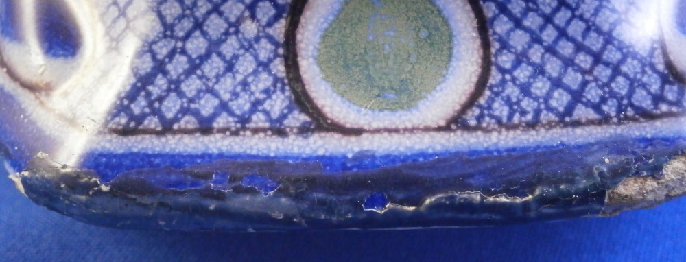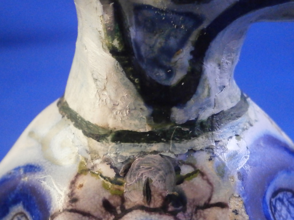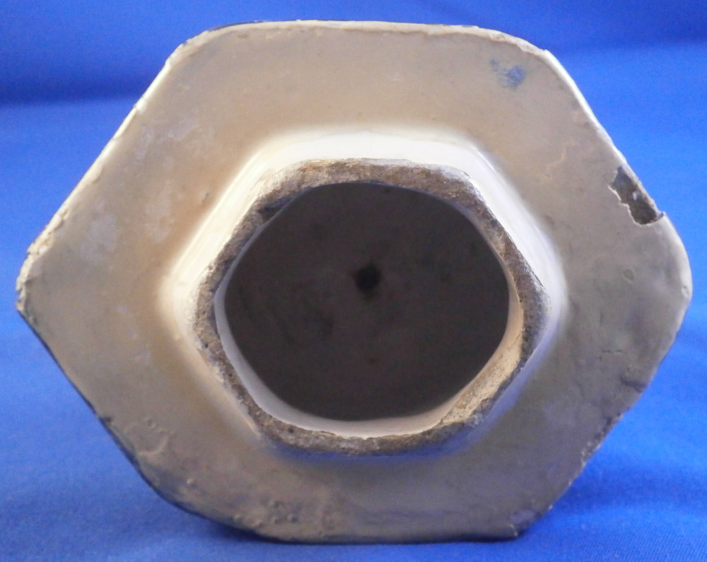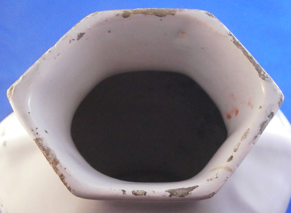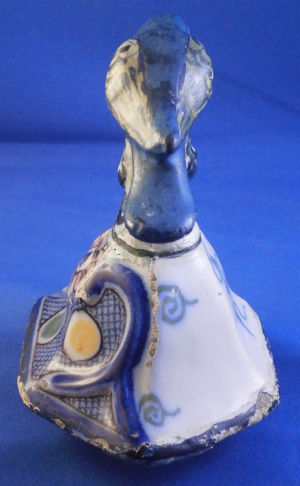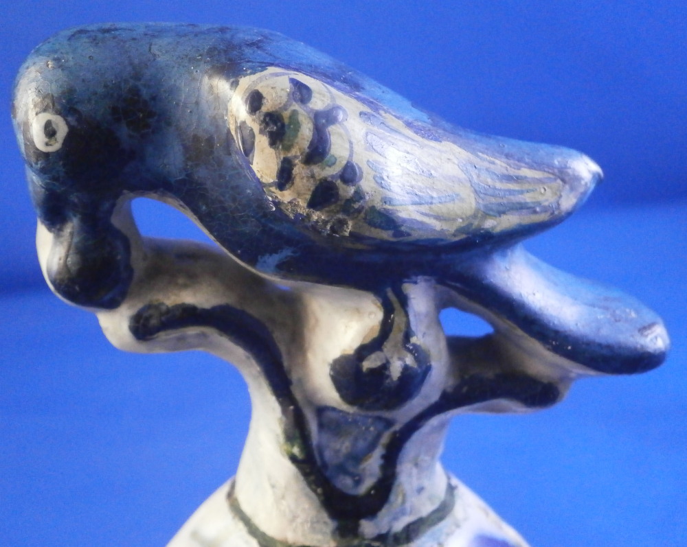 This is a polychrome Dutch Delft lidded vase made in the Netherlands in the 18th century. It was made by a factory called " De Vergulde Blompot " and is collectively known as Delftware and is made of a tin glazed earthenware I believe. The vase is hand painted with a nice scene to the front of a gentleman walking his dog in front of a palatial gate. Nice design around the scene with a flower to the top and bottom. A green design to the back side. The vase comes with its lid which is decorated with a matching design and has a ncie bird finial to the top. Hard to find these early pieces nowadays. The set is in decent condition with chips to the bottom and top edge of the main body as shown. The lid has been restored all along the edge which has chipped again and the bird finial is restored. Not sure there is much original left on that bird since it is fully repainted for sure. Still nice to have the original lid as they are often long gone! The lidded jar displays nciely! The piece is marked with the B:P: in under glaze blue as shown. The vase and lid are about 13 inches tall, 5.5 inches wide and 4 inches deep. Please email me for more information or other pictures.
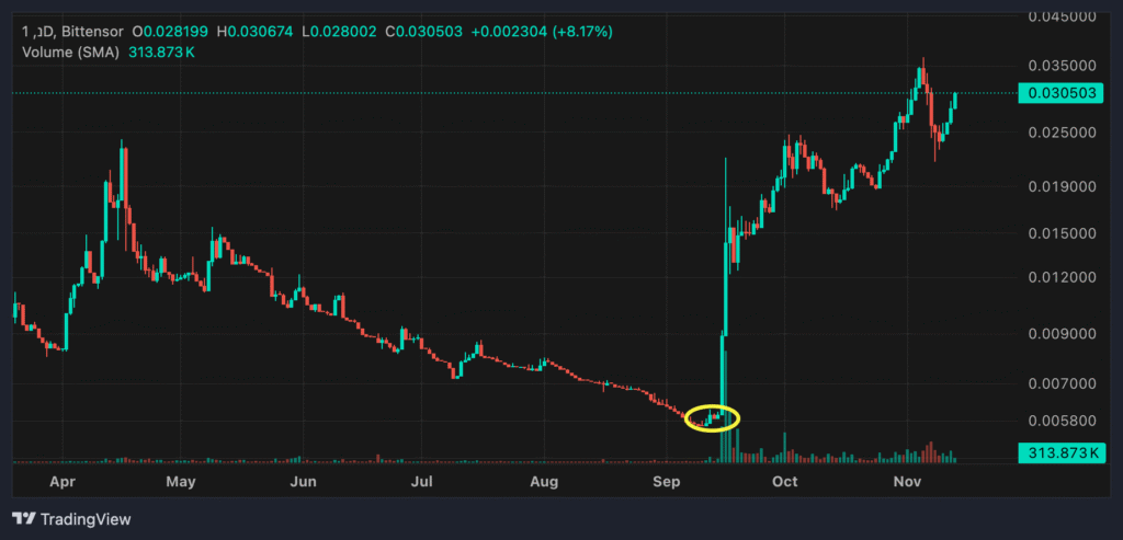 The Bittensor market is event-driven. Subnets can rally 2×–10× off a single announcement or shift in ownership.
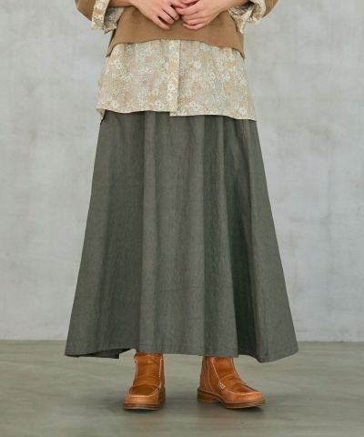 たっぷりのギャザー入りで、ふわっと広がるAラインシルエットのスカート。
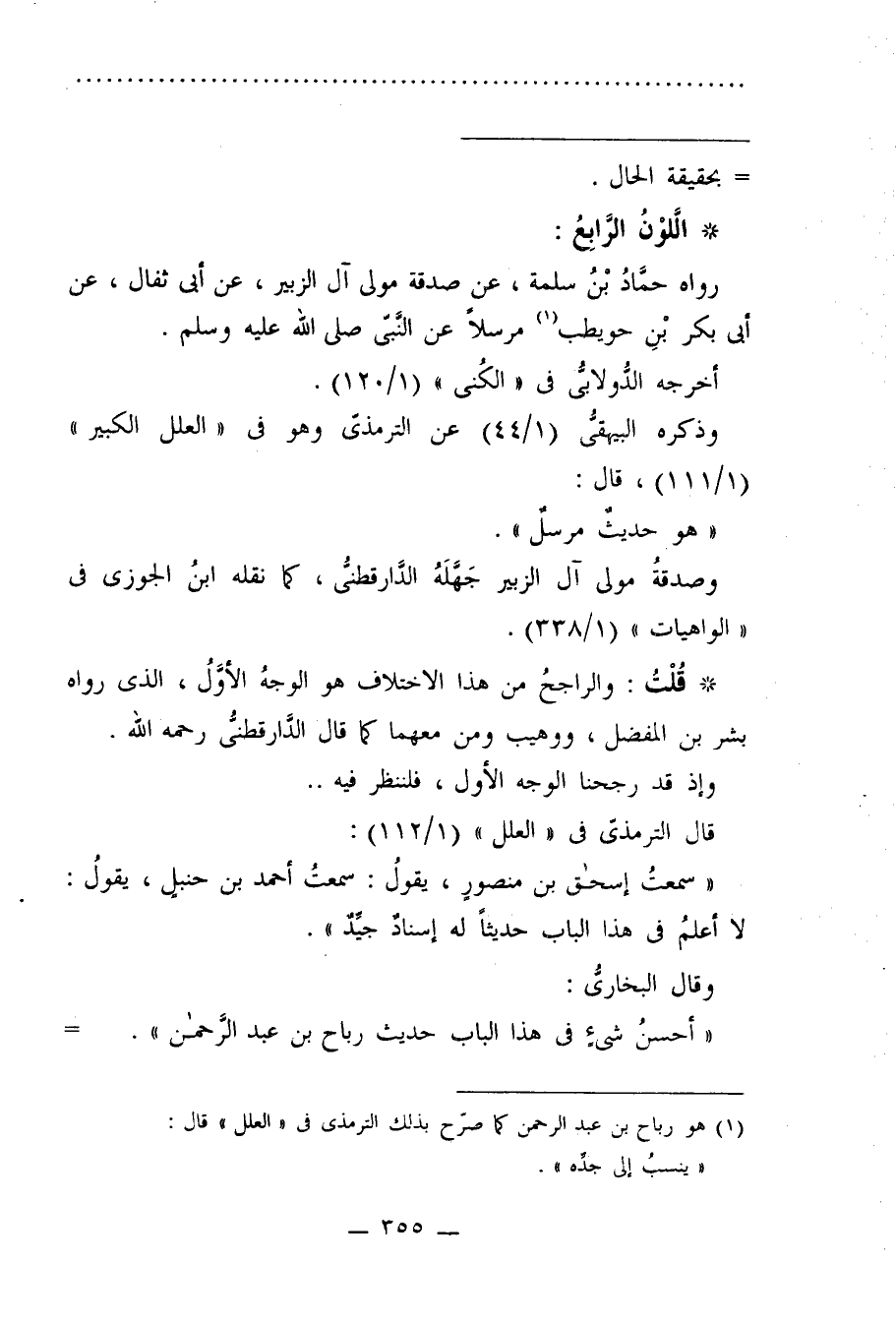 (¬1) هو رباح بن عبد الرحمن كما صرّح بذلك الترمذي في "العلل" قال: "ينسبُ إلي جدِّه".
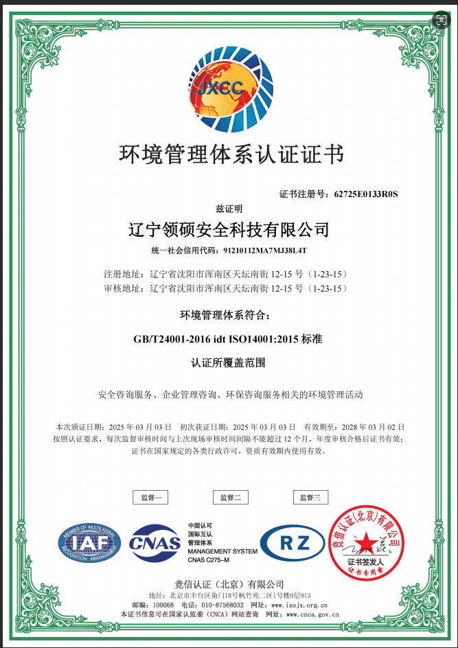 遼寧領(lǐng)碩安全科技有限公司位于遼寧省沈陽(yáng)市渾南區(qū)天壇南街12-15號(hào),注冊(cè)資金300萬(wàn)。主要經(jīng)營(yíng)范圍為遼寧省范圍內(nèi)的安全環(huán)保咨詢,生產(chǎn)安全事故應(yīng)急預(yù)案技術(shù)服務(wù)、企業(yè)雙重預(yù)防機(jī)制建立、履職能力評(píng)估、企業(yè)科研項(xiàng)目安全部分服務(wù)等的技術(shù)服務(wù)機(jī)構(gòu)。現(xiàn)有員工12人,其中包括5名遼寧省級(jí)安全生產(chǎn)專家。成立于2022年4月18日,在盤(pán)錦市成立至今已經(jīng)為30余家企業(yè)提供了安全環(huán)保技術(shù)咨詢。 業(yè)務(wù)范圍包括:技術(shù)服務(wù)、技術(shù)開(kāi)發(fā)、技術(shù)咨詢、技術(shù)交流、技術(shù)轉(zhuǎn)讓、技術(shù)推廣,安全咨詢服務(wù),環(huán)保咨詢服務(wù),標(biāo)準(zhǔn)化服務(wù),企業(yè)管理咨詢,科技中介服務(wù),工程管理服務(wù),特種作業(yè)...查看更多
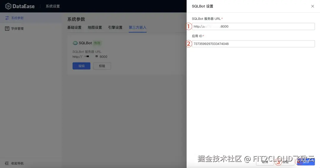 ② 将之前在SQLBot中创建好的"DataEase"应用中"SQLBot服务器URL"和"应用ID"填入对应的输入框中,校验成功并保存设置;
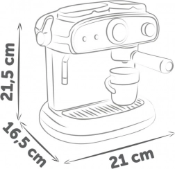 De praktische set bevat 2 bekers, 2 lepeltjes en 2 koffiecapsules, zodat kinderen ook vriendjes of broertjes en zusjes kunnen bedienen. De compacte afmetingen van 16,5 × 21 × 21,5 cm garanderen dat de machine op elk kinderkeukentje past.
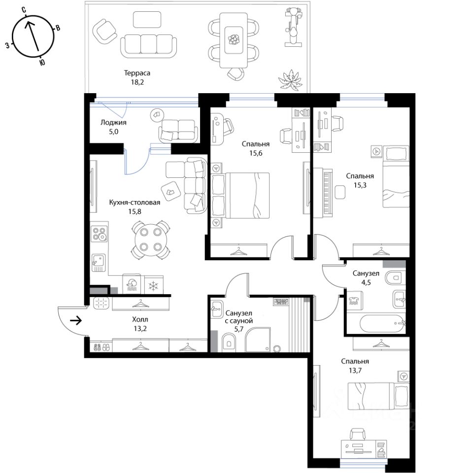 Продаётся 3-комнатная квартира в строящемся доме (Дом 1), срок сдачи: II-кв. 2026, общей площадью 91.7 кв.м., на 1 этаже. Новый жилой комплекс "Экография" от застройщика "ОХТА Групп - Петергоф" расположен по адресу Ленинградская область, Ломоносовский район, Низинское сельское поселение, деревня Ольгино.
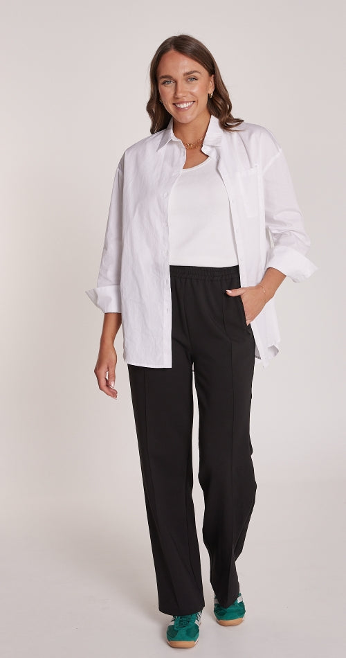 Where cool and comfortable combine, our incredible ‘Noah Wide Pant’ is the effortless and stylish twist on the classic track pant you didn’t know you needed!! Features include, elasticated waist, wide leg, side pockets with zips, pintuck detail on centre front leg, relaxed styling all finished in a beautiful cotton blend fabrication.
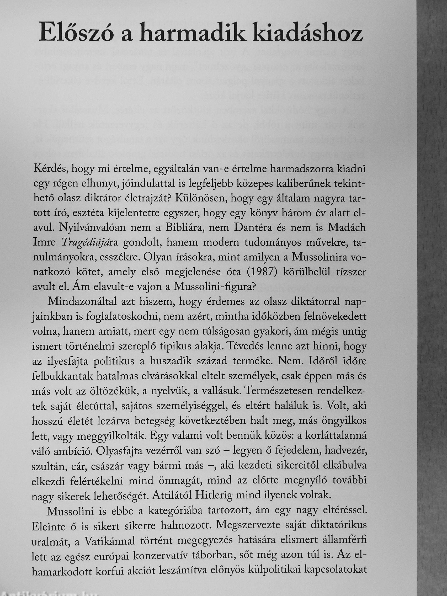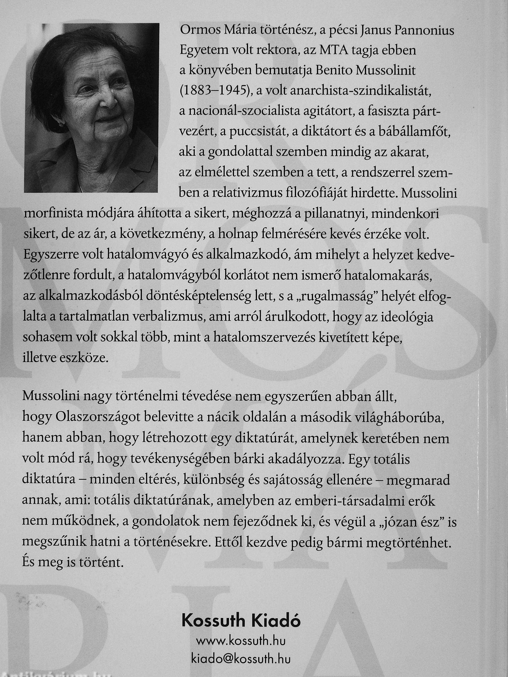 Ormos Mária történész, a pécsi Janus Pannonius Egyetem volt rektora, az MTA tagja ebben a könyvében bemutatja Benito Mussolinit (1883-1945), a volt anarchista-szindikalistát, a nacionál-szocialista agitátort, a fasiszta pártvezért, a puccsistát, a diktátort és a bábállamfőt, aki a gondolattal szemben mindig az akarat, az elmélettel szemben a tett, a rendszerrel szemben a relativizmus filozófiáját hirdette. Mussolini morfinista módjára áhította a sikert, méghozzá a pillanatnyi, mindenkori sikert, de az ár, a következmény, a holnap felmérésére kevés érzéke volt. Egyszerre volt hatalomvágyó és alkalmazkodó, ám mihelyt a helyzet kedvezőtlenre fordult, a hatalomvágyból korlátot nem ismerő hatalomakarás, az alkalmazkodásból döntésképtelenség lett, s a „rugalmasság" helyét elfoglalta a tartalmatlan verbalizmus, ami arról árulkodott, hogy az ideológia sohasem volt sokkal több, mint a hatalomszervezés kivetített képe, illetve eszköze.
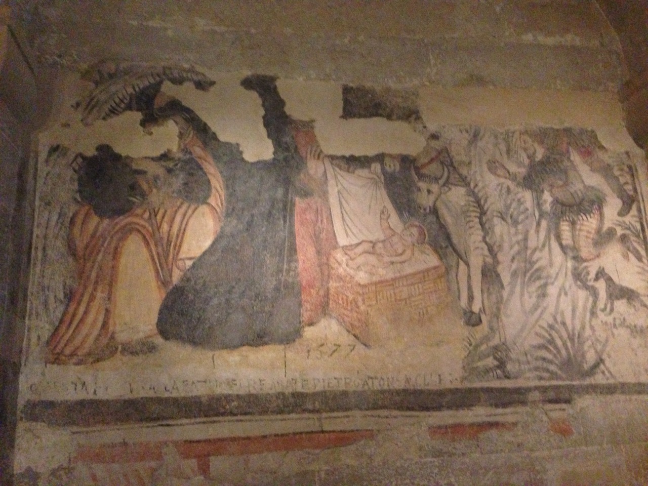 地下にはかつての教会だった空間が広がります。みごとな柱や神秘的な壁画がみられます。
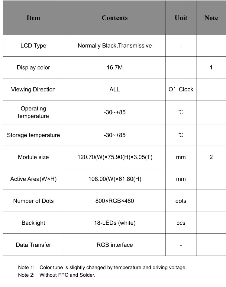 IC, FPC, задний светильник. 5,0 "область отображения содержит 800x480 пикселей и
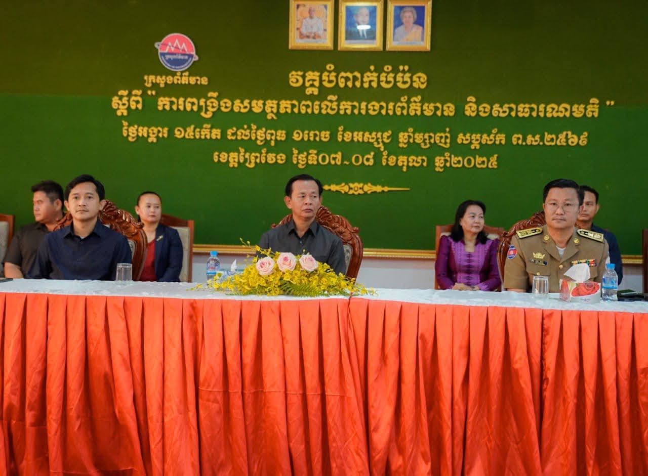 (ព្រៃវែង) ៖ ក្រសួងព័ត៌មានសហការជាមួយមន្ទីរព័ត៌មានខេត្តព្រៃវែងនាព្រឹកថ្ងៃទី០៧ ខែតុលាឆ្នាំ២០២៥ នៅសាលប្រជុំកាកបាទក្រហមខេត្តព្រៃវែងបានបើកវគ្គបំពាក់បំប៉នស្តីពី ការពង្រឹងសមត្ថភាព លើការងារព័ត៌មាន និងសាធារណមតិ ដល់អ្នកសារព័ត៌មាន ព្រមទាំងមន្ត្រីជំនាញមកពីមន្ទីរព័ត៌មានខេត្តព្រៃវែង កណ្តាល ស្វាយរៀង និងមន្ទីរព័ត៌មានរាជធានីភ្នំពេញសរុបប្រមាណជាង៦០នាក់ ។
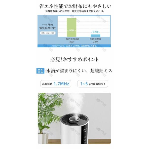 ※室内湿度をコントロール:設定した湿度超えると、加湿を自動停止、加湿過ぎ防止、設定した湿度復帰すると、加湿を自動起動します
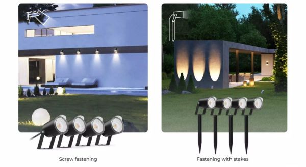 Polyvalents et ingénieusement conçus, ces spots peuvent être installés sur un mur ou plantés dans le sol grâce au système de fixation double fourni (piquets et supports muraux inclus). Cette flexibilité permet d'adapter facilement l'éclairage selon la configuration de votre jardin, sans outils complexes.
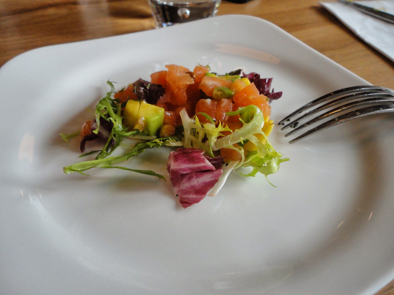 鮭魚跟酪梨都切成丁狀,原本擔心口感上會不夠扎實,沒想到兩者交互搭配的微妙,口感滑潤而滋味清爽。

Problem to work on: The answer should consist only of the lines above from the one with "地下にはかつての教会だった空" through the one with "Polyvalents et ingénieusement", repeated exactly, with no pictures among them.

Exercise solution:
 地下にはかつての教会だった空間が広がります。みごとな柱や神秘的な壁画がみられます。
 IC, FPC, задний светильник. 5,0 "область отображения содержит 800x480 пикселей и
 (ព្រៃវែង) ៖ ក្រសួងព័ត៌មានសហការជាមួយមន្ទីរព័ត៌មានខេត្តព្រៃវែងនាព្រឹកថ្ងៃទី០៧ ខែតុលាឆ្នាំ២០២៥ នៅសាលប្រជុំកាកបាទក្រហមខេត្តព្រៃវែងបានបើកវគ្គបំពាក់បំប៉នស្តីពី ការពង្រឹងសមត្ថភាព លើការងារព័ត៌មាន និងសាធារណមតិ ដល់អ្នកសារព័ត៌មាន ព្រមទាំងមន្ត្រីជំនាញមកពីមន្ទីរព័ត៌មានខេត្តព្រៃវែង កណ្តាល ស្វាយរៀង និងមន្ទីរព័ត៌មានរាជធានីភ្នំពេញសរុបប្រមាណជាង៦០នាក់ ។
 ※室内湿度をコントロール:設定した湿度超えると、加湿を自動停止、加湿過ぎ防止、設定した湿度復帰すると、加湿を自動起動します
 Polyvalents et ingénieusement conçus, ces spots peuvent être installés sur un mur ou plantés dans le sol grâce au système de fixation double fourni (piquets et supports muraux inclus). Cette flexibilité permet d'adapter facilement l'éclairage selon la configuration de votre jardin, sans outils complexes.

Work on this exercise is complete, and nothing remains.